◆ **TASK DESCRIPTION**: Please set down only the lines from the one containing "鍵盤滑鼠托架附滑軌(長200" through the end of the entries below, exactly, minus any pictures.

◆ **DATA RECORDS**:
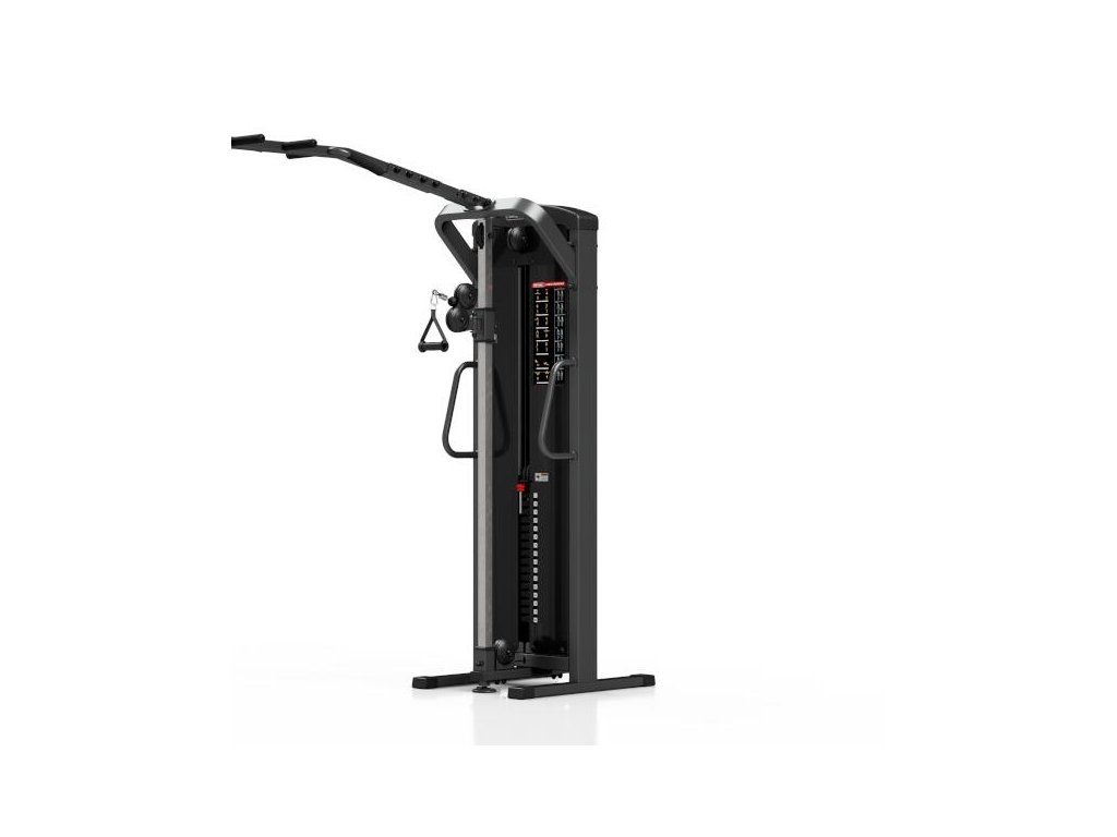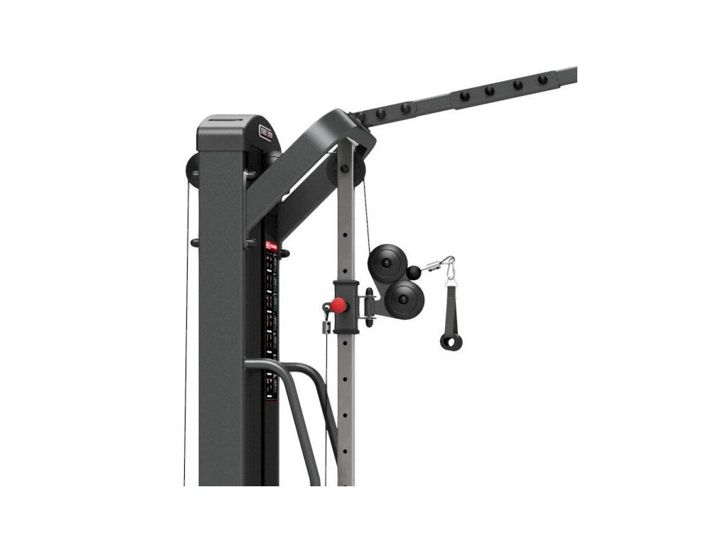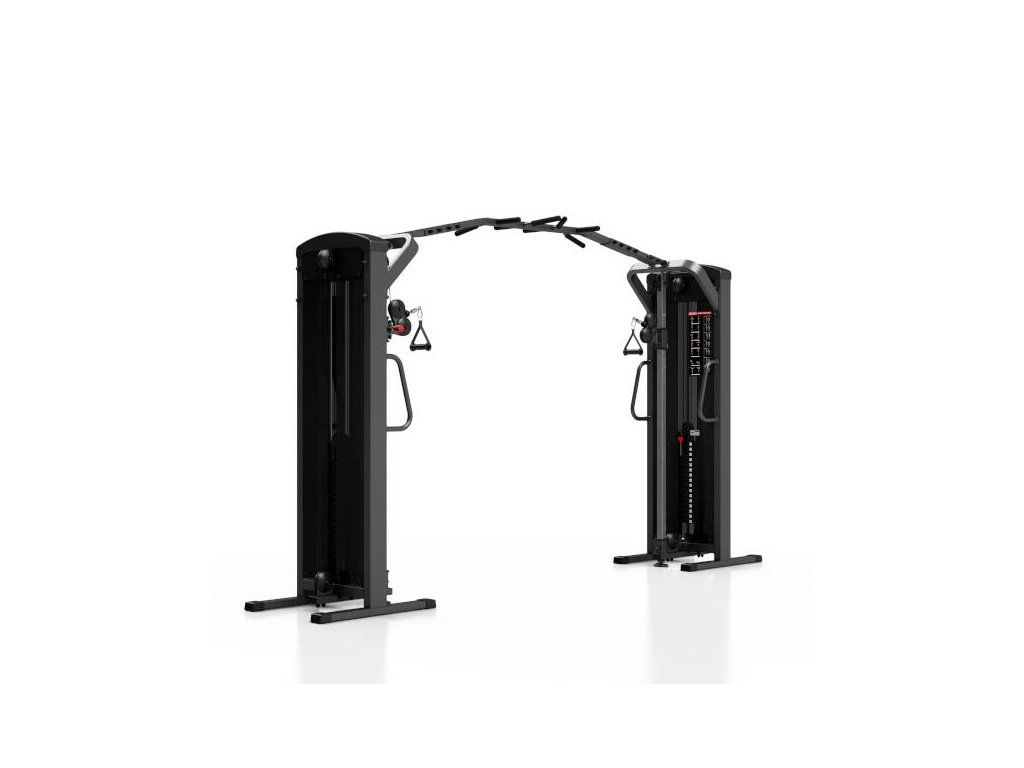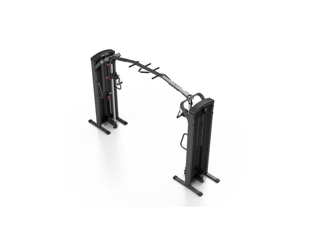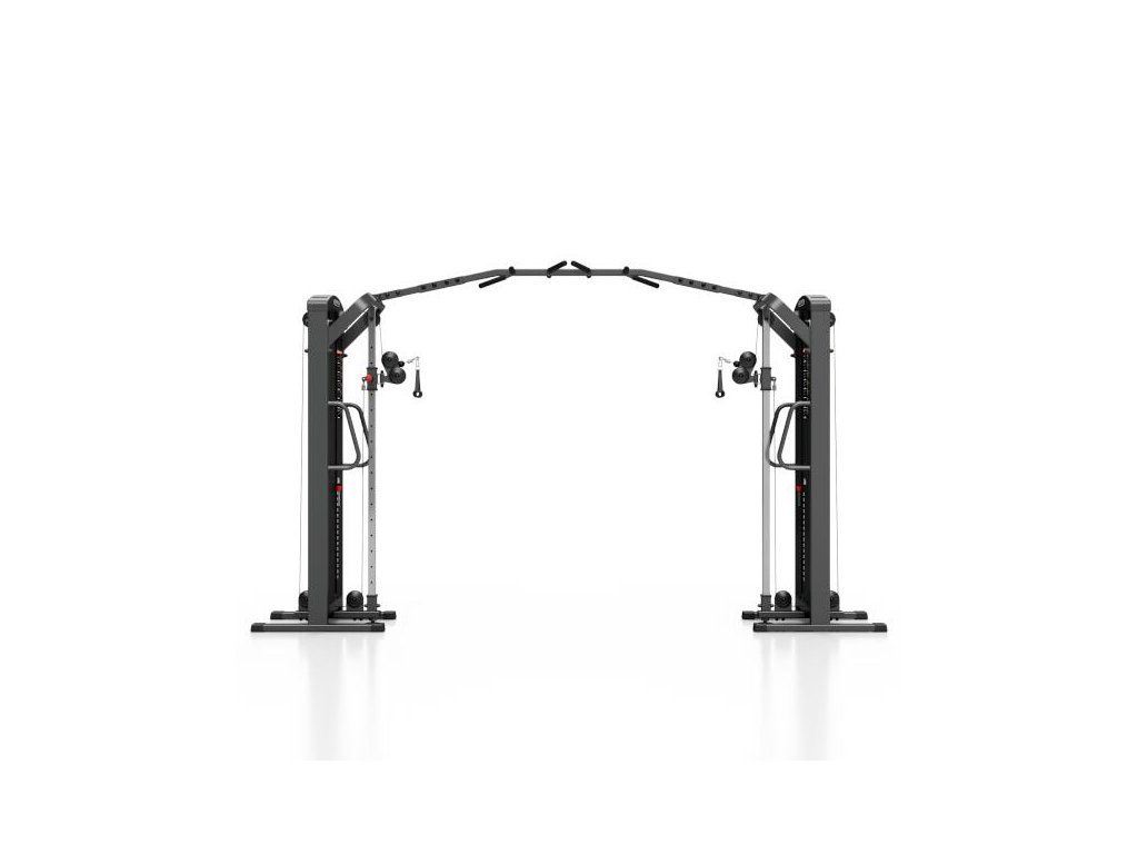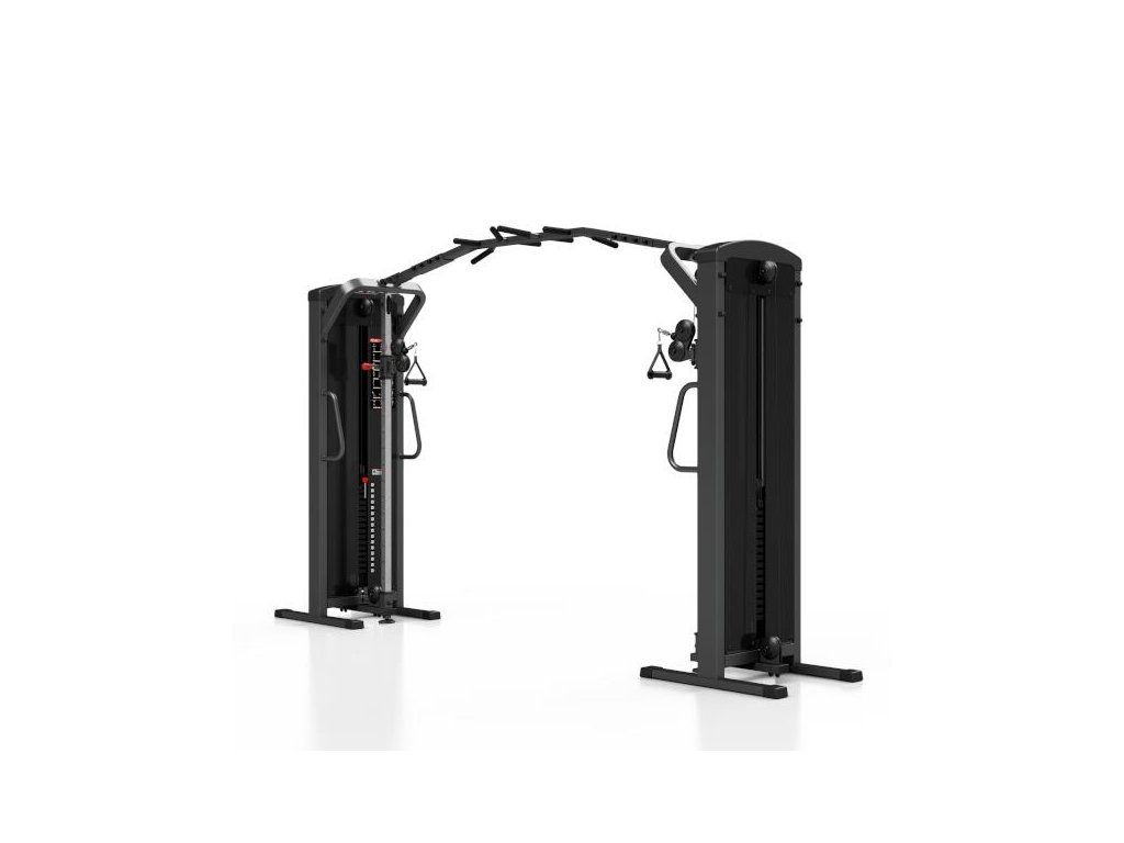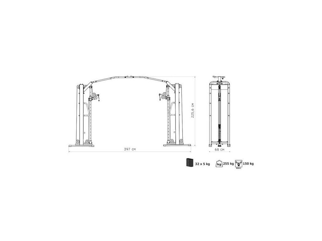 Posilovací brána MARBO MP-U204 s nastavitelnou výškou kladek a sestavou hrazd je nekompromisní, profesionální vybavení pro Vaší posilovnu. Pro výrobu byly zvoleny ocelové profily 120x60x3mm a 80x40x3mm, které zaručují nečekanou trvanlivost. Variabilitu použití zajištují výškově nastavitelné kladky. Jejich posun je řešen kluzným pouzdrem s pružinovým kolíkem červené barvy. Na výběr máte z 16-ti nastavení výšky. Na centrálním nosníku se nachází 8 různých madel, jejichž nakombinováním lze dosáhnout až 10-ti různých úchopů. Úchyty jsou opatřeny vrstvou silné pěny pro pohodlný grip. Dva samostatné štosy o hmotnosti 80kg (celkem 160kg) jsou odstupňovány po 5kg. Obě centrální části brány jsou zakrytovány černým plastem a v místě štosů je použito průhledné plexisklo. Stroj je navíc opatřen velikou samolepkou, která instruuje cvičence, jaké cviky jdou na bráně provádět a které skupiny svalů daný cvik posiluje.
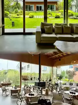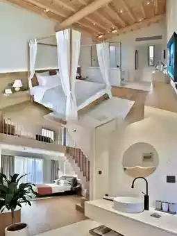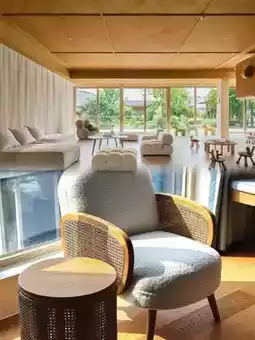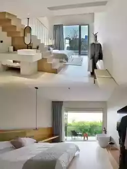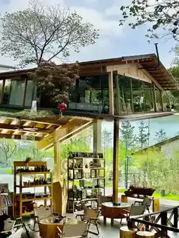 The exterior of the homestay is white and gray, with the charm of a Jiangnan water town and a three-dimensional geometric feel. The interior combines original wood, wabi-sabi, and modern styles, with soft furnishings made of century-old beech wood. The atmosphere is great, and the photos are very photogenic, instantly transforming you into a Japanese-style youth. It is located in the Ginkgo Swan Lake Scenic Area, surrounded by thousands of ginkgo trees and many black swans leisurely swimming on the lake, like a flowing painting.
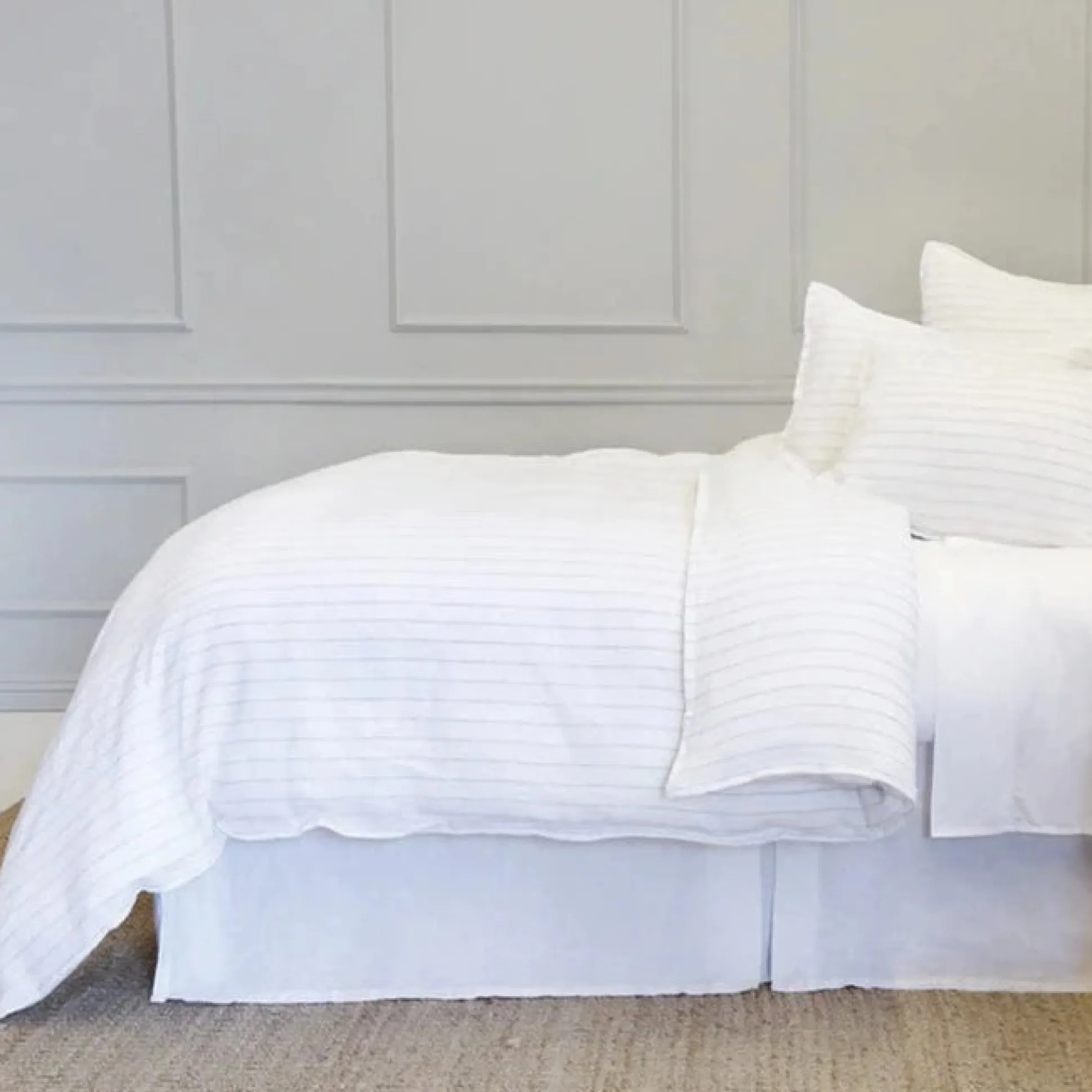Our Blake Collection features an interwoven stripe texture, giving a modern refresh to a traditional stripe. Our duvet cover and shams are hand-loomed by artisans and the linen is washed for a relaxed lived-in look. The mélange of textures within this woven bedding elevates your space into a sophisticated, yet relaxing retreat.
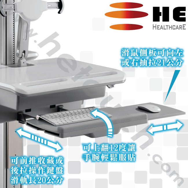 鍵盤滑鼠托架附滑軌(長200mm)可前推收藏或後拉操作鍵盤、滑鼠;並有腕托搭配可上翻12度的功能,讓手腕服貼輕鬆操作;可選擇向左或向右單一方向抽拉滑鼠側板,並可隨意伸縮至合適的寬度(8~217mm),貼心的設計讓慣用左手或右手的使用者皆可無障礙操作。
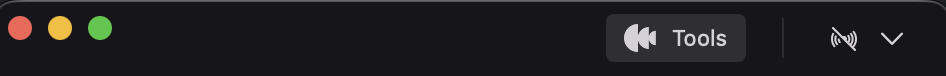 Du kannst zwischen Airtime Camera, Airtime Recorder, Airtime Stacks und Airtime Creator wechseln, indem du oben im Airtime-Anwendungsfenster auf die Schaltfläche „Tools“ klickst:
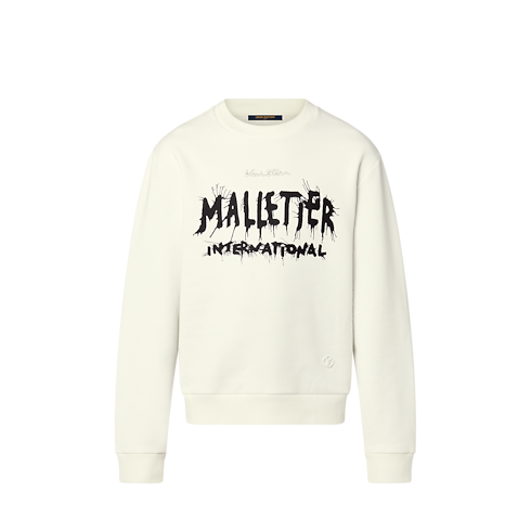 Este suéter monocromático casual traz uma vibe artística para visuais do dia a dia. Confeccionado em jersey de algodão escovado branco, tem a assinatura Malletier International no peito, impressa com um divertido efeito de mancha de tinta preta, enquanto as costas apresentam o grafismo Damier Painting. Um Vuitton bordado no mesmo tom e o emblema LV completam esta peça.

◆ **SOLUTION**:
 鍵盤滑鼠托架附滑軌(長200mm)可前推收藏或後拉操作鍵盤、滑鼠;並有腕托搭配可上翻12度的功能,讓手腕服貼輕鬆操作;可選擇向左或向右單一方向抽拉滑鼠側板,並可隨意伸縮至合適的寬度(8~217mm),貼心的設計讓慣用左手或右手的使用者皆可無障礙操作。
 Du kannst zwischen Airtime Camera, Airtime Recorder, Airtime Stacks und Airtime Creator wechseln, indem du oben im Airtime-Anwendungsfenster auf die Schaltfläche „Tools“ klickst:
 Este suéter monocromático casual traz uma vibe artística para visuais do dia a dia. Confeccionado em jersey de algodão escovado branco, tem a assinatura Malletier International no peito, impressa com um divertido efeito de mancha de tinta preta, enquanto as costas apresentam o grafismo Damier Painting. Um Vuitton bordado no mesmo tom e o emblema LV completam esta peça.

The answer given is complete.